▶ Data excerpt:
[Start of section]

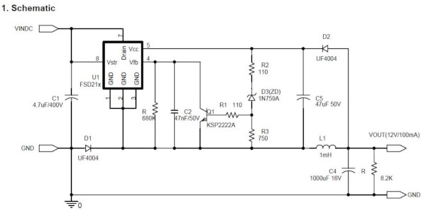 「入力DC120~375Vから出力DC12V(100mAmax)を作るDCDCコンバータ」
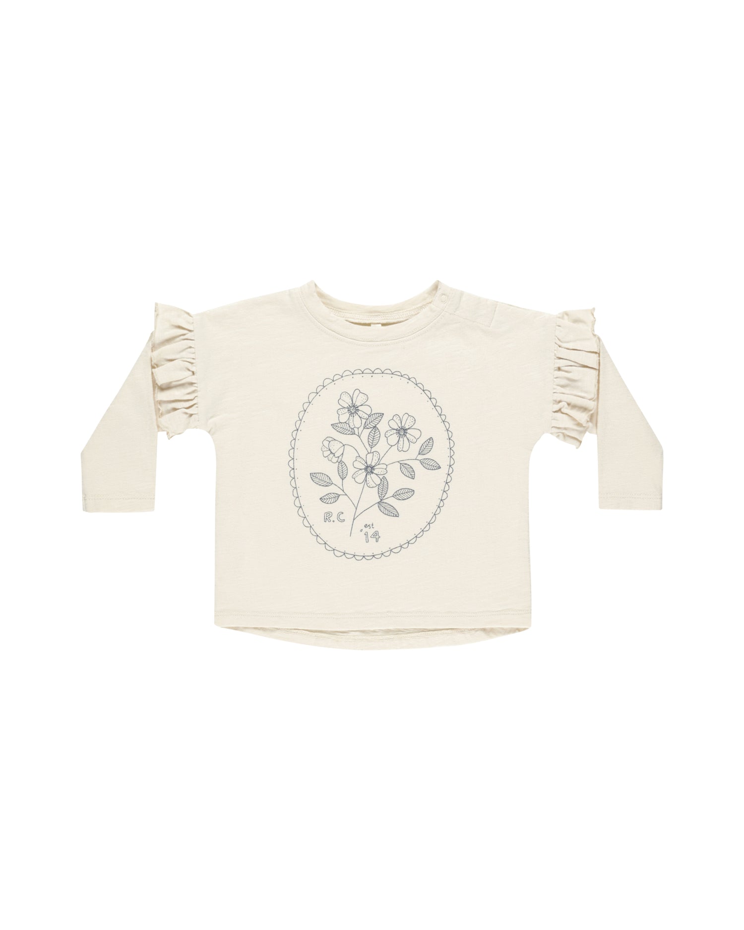 Relaxed fit long sleeve crewneck tee made from the softest cotton slub fabric. Featuring a gentle curved hemline and ruffles near the shoulder. Baby sizes 0-3m thru 18-24m have snaps at the shoulder for easy changing.
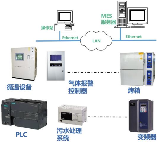 工廠的各種類生產設備、生產系統及監控系統,需要通過廠內LAN接入MES

[End of section]

▶ Exercise requirements:
Copy out the data above exactly, except the pictures.

▶ Answer box:
 「入力DC120~375Vから出力DC12V(100mAmax)を作るDCDCコンバータ」
 Relaxed fit long sleeve crewneck tee made from the softest cotton slub fabric. Featuring a gentle curved hemline and ruffles near the shoulder. Baby sizes 0-3m thru 18-24m have snaps at the shoulder for easy changing.
 工廠的各種類生產設備、生產系統及監控系統,需要通過廠內LAN接入MES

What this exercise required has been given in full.